▶ Activity:
Start at the line with "Two icons of" in the records below, stop at the line with "Opengewerkte zijaanzichten en", and return every line in that span exactly, the two end lines included.

▶ Record set:
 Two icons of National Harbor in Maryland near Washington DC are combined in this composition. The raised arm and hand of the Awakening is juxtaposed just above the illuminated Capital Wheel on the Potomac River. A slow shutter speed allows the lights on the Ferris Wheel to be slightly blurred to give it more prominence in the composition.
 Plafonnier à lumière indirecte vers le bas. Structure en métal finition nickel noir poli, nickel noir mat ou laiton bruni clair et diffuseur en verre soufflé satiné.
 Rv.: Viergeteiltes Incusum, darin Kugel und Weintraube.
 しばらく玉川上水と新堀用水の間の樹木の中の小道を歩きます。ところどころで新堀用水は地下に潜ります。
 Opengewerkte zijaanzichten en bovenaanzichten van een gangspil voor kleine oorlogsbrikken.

* * *

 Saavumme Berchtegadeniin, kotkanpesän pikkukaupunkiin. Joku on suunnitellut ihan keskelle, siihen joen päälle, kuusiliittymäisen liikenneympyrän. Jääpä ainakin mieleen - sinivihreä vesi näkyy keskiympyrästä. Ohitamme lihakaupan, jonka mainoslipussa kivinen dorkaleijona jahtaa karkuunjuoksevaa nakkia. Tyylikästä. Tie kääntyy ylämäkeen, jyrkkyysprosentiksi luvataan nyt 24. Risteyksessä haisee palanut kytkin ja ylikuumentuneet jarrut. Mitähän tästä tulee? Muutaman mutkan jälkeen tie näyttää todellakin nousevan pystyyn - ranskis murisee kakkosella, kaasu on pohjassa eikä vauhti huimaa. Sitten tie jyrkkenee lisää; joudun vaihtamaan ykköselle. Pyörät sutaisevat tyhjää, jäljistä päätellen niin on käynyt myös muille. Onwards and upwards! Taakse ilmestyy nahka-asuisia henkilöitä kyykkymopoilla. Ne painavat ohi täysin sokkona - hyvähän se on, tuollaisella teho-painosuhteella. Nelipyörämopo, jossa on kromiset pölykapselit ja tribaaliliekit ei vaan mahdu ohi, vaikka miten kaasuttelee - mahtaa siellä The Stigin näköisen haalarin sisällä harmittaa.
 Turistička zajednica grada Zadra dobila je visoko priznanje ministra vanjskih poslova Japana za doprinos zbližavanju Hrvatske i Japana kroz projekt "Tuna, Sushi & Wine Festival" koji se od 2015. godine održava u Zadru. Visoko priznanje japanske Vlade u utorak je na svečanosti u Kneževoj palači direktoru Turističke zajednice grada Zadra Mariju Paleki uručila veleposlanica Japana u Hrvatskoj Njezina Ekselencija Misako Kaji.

▶ Response to this exercise:
 Two icons of National Harbor in Maryland near Washington DC are combined in this composition. The raised arm and hand of the Awakening is juxtaposed just above the illuminated Capital Wheel on the Potomac River. A slow shutter speed allows the lights on the Ferris Wheel to be slightly blurred to give it more prominence in the composition.
 Plafonnier à lumière indirecte vers le bas. Structure en métal finition nickel noir poli, nickel noir mat ou laiton bruni clair et diffuseur en verre soufflé satiné.
 Rv.: Viergeteiltes Incusum, darin Kugel und Weintraube.
 しばらく玉川上水と新堀用水の間の樹木の中の小道を歩きます。ところどころで新堀用水は地下に潜ります。
 Opengewerkte zijaanzichten en bovenaanzichten van een gangspil voor kleine oorlogsbrikken.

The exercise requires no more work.